TO DO:
A verbatim copy of all the data is required, minus any images.

INFORMATION SUPPLIED:
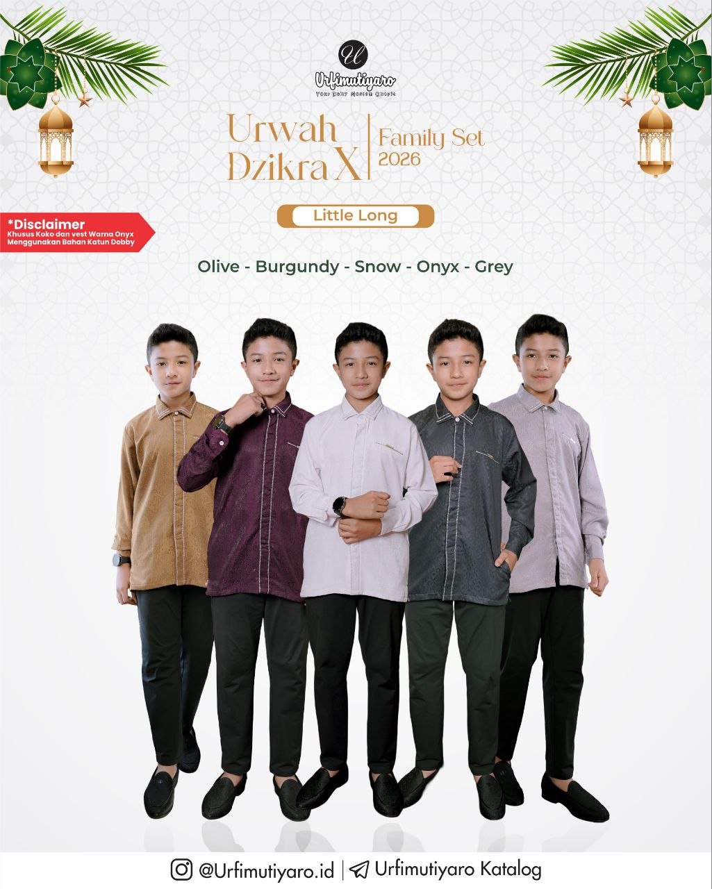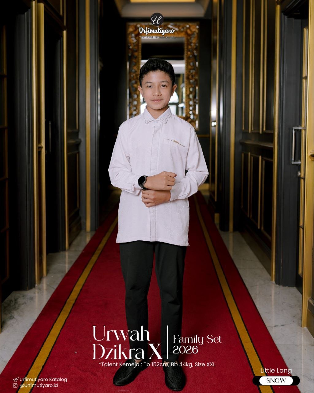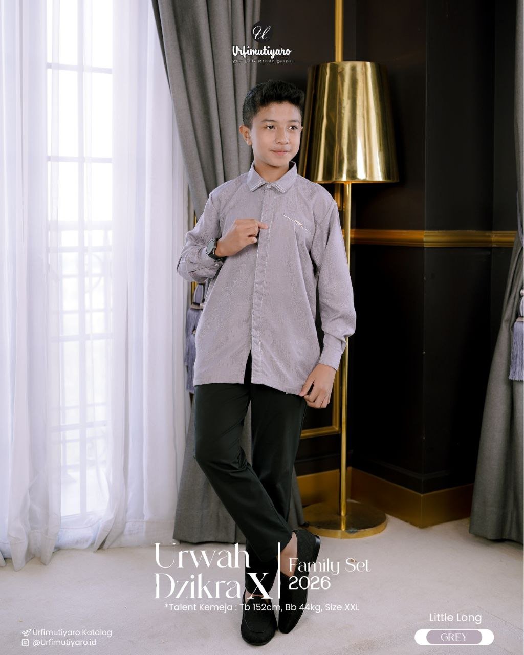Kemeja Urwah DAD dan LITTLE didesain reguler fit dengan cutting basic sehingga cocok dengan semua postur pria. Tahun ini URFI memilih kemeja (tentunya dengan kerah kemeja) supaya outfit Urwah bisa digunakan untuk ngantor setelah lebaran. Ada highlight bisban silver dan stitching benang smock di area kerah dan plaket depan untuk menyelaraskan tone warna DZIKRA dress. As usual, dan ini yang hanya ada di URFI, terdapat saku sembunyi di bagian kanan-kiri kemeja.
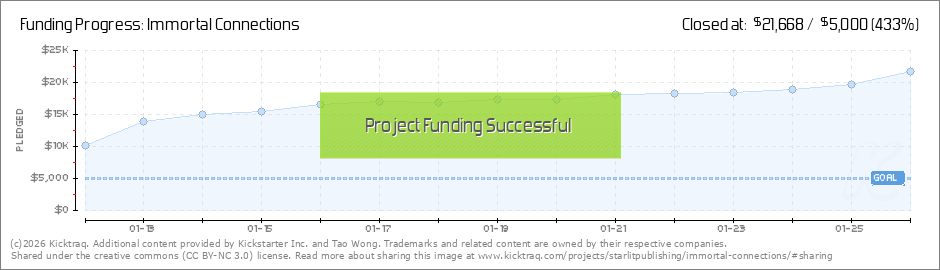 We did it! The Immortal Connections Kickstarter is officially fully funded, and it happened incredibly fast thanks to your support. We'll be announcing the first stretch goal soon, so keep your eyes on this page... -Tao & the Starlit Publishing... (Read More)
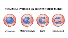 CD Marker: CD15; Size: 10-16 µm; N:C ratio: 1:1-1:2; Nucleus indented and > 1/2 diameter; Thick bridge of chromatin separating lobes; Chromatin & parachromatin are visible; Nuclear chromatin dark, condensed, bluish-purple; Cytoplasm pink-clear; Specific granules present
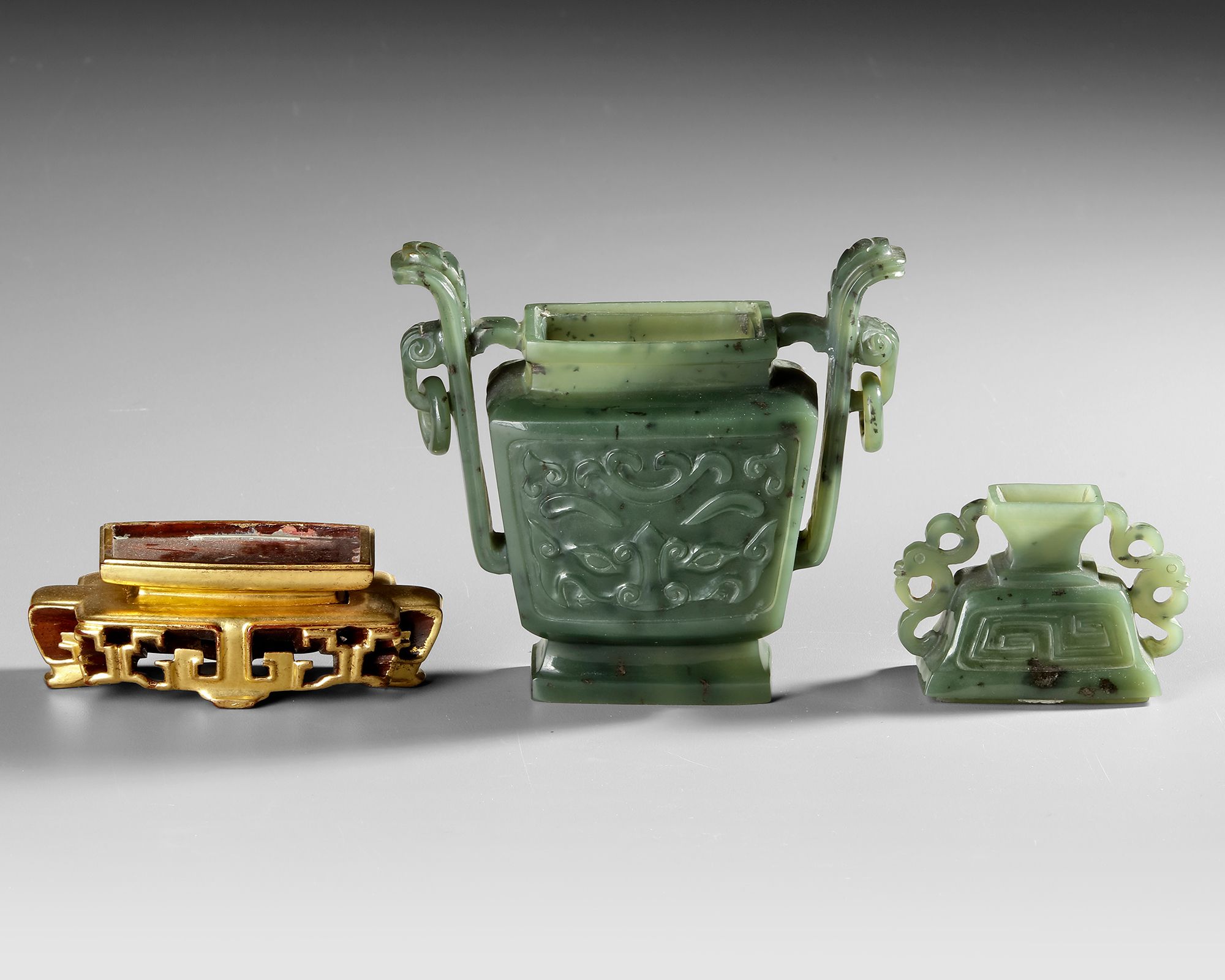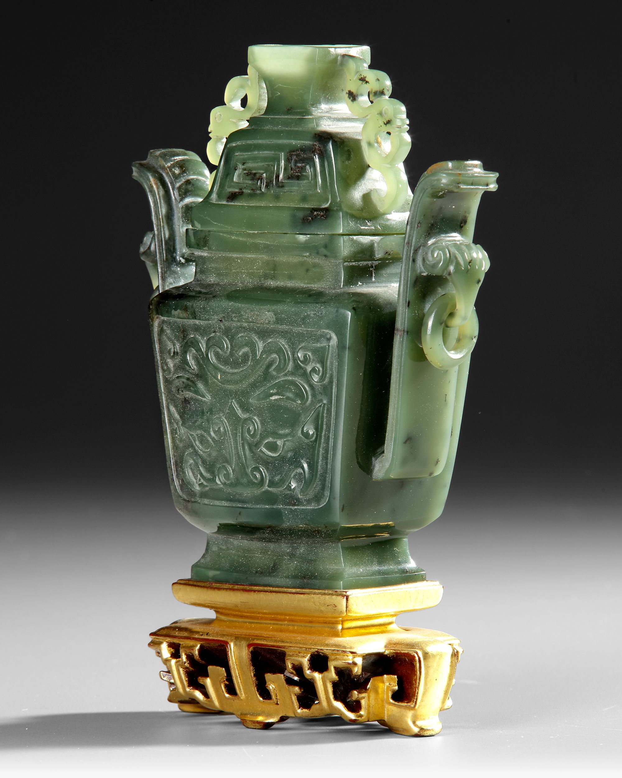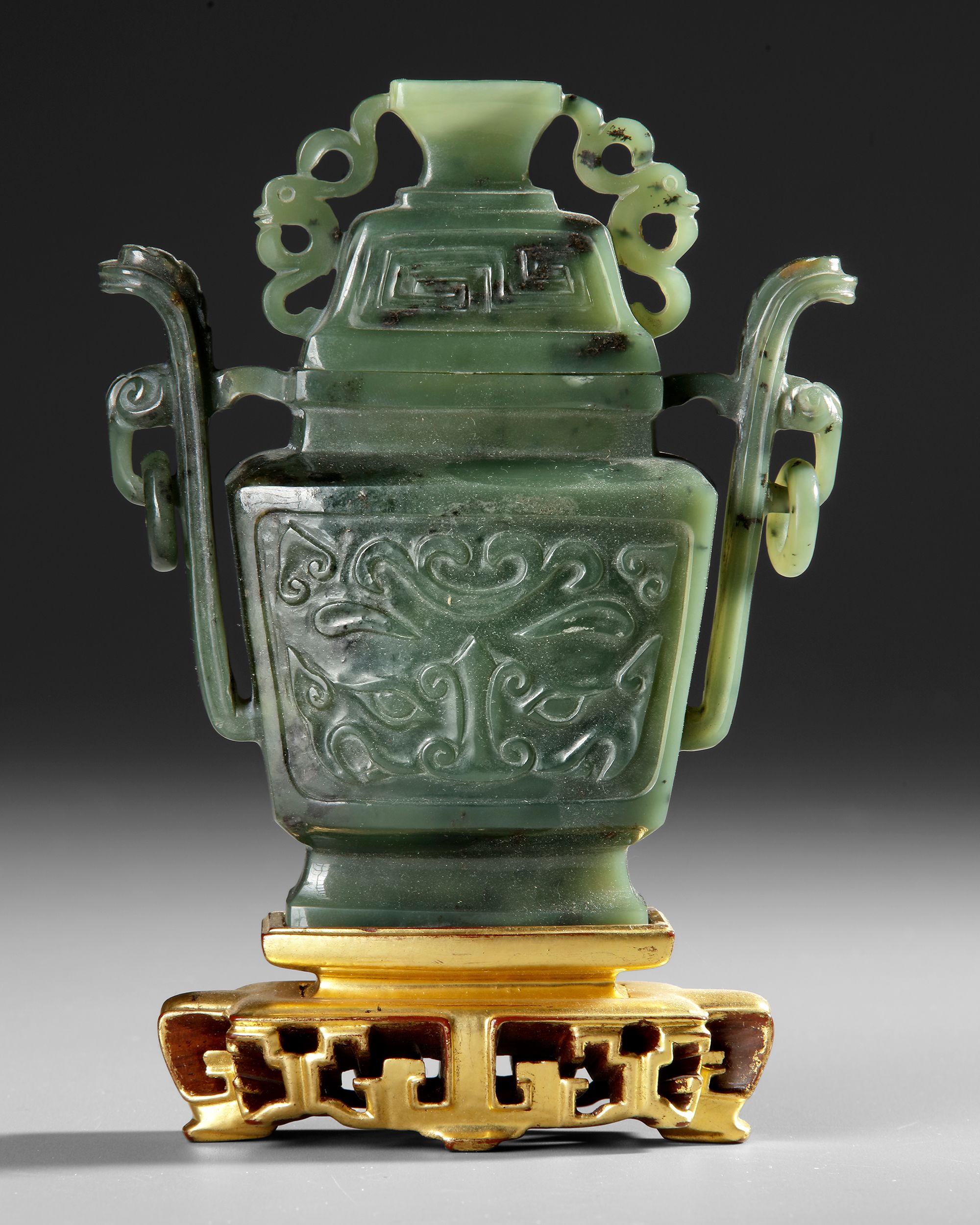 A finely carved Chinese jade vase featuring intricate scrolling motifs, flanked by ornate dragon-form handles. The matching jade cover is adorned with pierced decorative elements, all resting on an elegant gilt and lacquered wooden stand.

TASK RESULT:
Kemeja Urwah DAD dan LITTLE didesain reguler fit dengan cutting basic sehingga cocok dengan semua postur pria. Tahun ini URFI memilih kemeja (tentunya dengan kerah kemeja) supaya outfit Urwah bisa digunakan untuk ngantor setelah lebaran. Ada highlight bisban silver dan stitching benang smock di area kerah dan plaket depan untuk menyelaraskan tone warna DZIKRA dress. As usual, dan ini yang hanya ada di URFI, terdapat saku sembunyi di bagian kanan-kiri kemeja.
 We did it! The Immortal Connections Kickstarter is officially fully funded, and it happened incredibly fast thanks to your support. We'll be announcing the first stretch goal soon, so keep your eyes on this page... -Tao & the Starlit Publishing... (Read More)
 CD Marker: CD15; Size: 10-16 µm; N:C ratio: 1:1-1:2; Nucleus indented and > 1/2 diameter; Thick bridge of chromatin separating lobes; Chromatin & parachromatin are visible; Nuclear chromatin dark, condensed, bluish-purple; Cytoplasm pink-clear; Specific granules present
 A finely carved Chinese jade vase featuring intricate scrolling motifs, flanked by ornate dragon-form handles. The matching jade cover is adorned with pierced decorative elements, all resting on an elegant gilt and lacquered wooden stand.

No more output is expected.